[WHAT IS BEING ASKED] From the entries below, write out exactly the lines between the line holding "The Jayde Strapless" and the line holding "在发放仪式开始前,这些孩子们", inclusive, excluding any pictures.

[DATA PROVIDED]
—————

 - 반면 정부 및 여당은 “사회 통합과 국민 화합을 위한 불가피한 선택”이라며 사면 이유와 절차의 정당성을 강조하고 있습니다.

—————

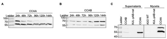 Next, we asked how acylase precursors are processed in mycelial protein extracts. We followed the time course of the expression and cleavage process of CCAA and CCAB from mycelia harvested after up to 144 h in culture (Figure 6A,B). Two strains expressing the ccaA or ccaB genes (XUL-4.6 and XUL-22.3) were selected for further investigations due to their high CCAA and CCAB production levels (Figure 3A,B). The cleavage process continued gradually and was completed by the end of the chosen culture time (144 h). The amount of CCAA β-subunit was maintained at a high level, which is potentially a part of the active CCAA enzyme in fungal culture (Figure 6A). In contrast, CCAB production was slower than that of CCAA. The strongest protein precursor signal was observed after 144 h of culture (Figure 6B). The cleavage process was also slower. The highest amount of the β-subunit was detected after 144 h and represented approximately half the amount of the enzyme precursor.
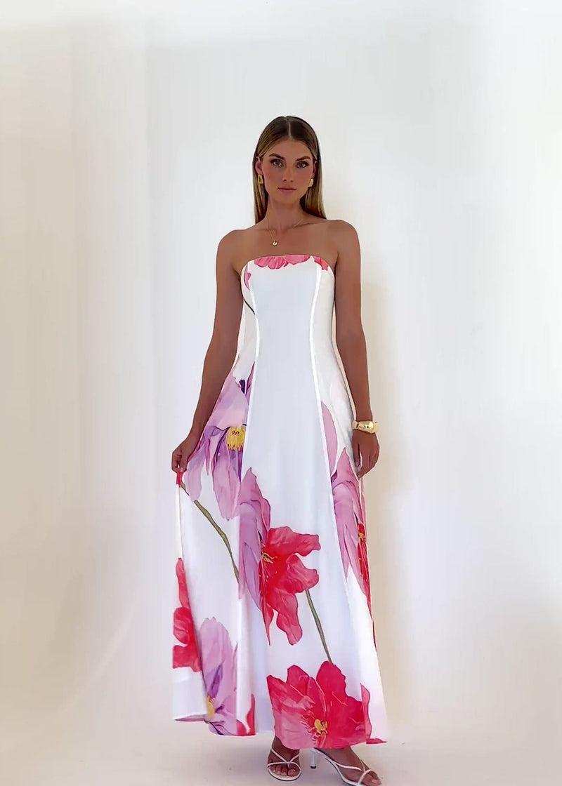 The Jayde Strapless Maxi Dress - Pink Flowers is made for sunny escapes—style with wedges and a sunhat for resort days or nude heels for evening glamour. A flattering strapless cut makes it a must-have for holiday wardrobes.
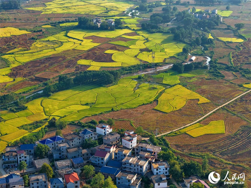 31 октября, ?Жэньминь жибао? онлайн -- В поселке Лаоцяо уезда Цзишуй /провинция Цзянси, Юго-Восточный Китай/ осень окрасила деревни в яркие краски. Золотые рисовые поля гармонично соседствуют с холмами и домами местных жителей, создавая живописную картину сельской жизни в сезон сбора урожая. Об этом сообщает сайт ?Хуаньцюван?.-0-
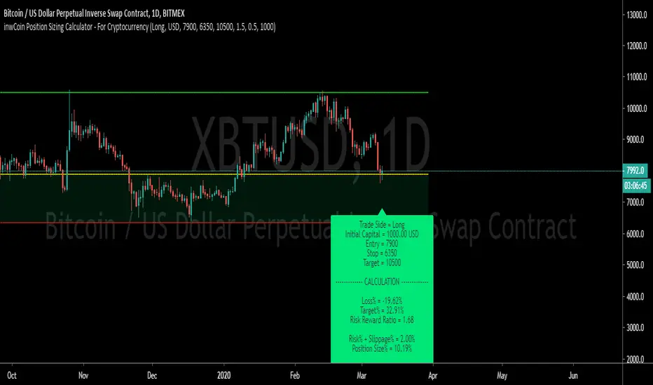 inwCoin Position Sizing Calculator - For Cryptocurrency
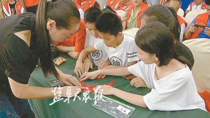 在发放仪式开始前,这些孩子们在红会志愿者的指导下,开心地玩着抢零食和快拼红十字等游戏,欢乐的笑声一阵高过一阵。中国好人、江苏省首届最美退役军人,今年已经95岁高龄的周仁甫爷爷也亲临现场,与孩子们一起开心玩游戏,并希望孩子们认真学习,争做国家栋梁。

—————

[ANSWER SPACE]
 The Jayde Strapless Maxi Dress - Pink Flowers is made for sunny escapes—style with wedges and a sunhat for resort days or nude heels for evening glamour. A flattering strapless cut makes it a must-have for holiday wardrobes.
 31 октября, ?Жэньминь жибао? онлайн -- В поселке Лаоцяо уезда Цзишуй /провинция Цзянси, Юго-Восточный Китай/ осень окрасила деревни в яркие краски. Золотые рисовые поля гармонично соседствуют с холмами и домами местных жителей, создавая живописную картину сельской жизни в сезон сбора урожая. Об этом сообщает сайт ?Хуаньцюван?.-0-
 inwCoin Position Sizing Calculator - For Cryptocurrency
 在发放仪式开始前,这些孩子们在红会志愿者的指导下,开心地玩着抢零食和快拼红十字等游戏,欢乐的笑声一阵高过一阵。中国好人、江苏省首届最美退役军人,今年已经95岁高龄的周仁甫爷爷也亲临现场,与孩子们一起开心玩游戏,并希望孩子们认真学习,争做国家栋梁。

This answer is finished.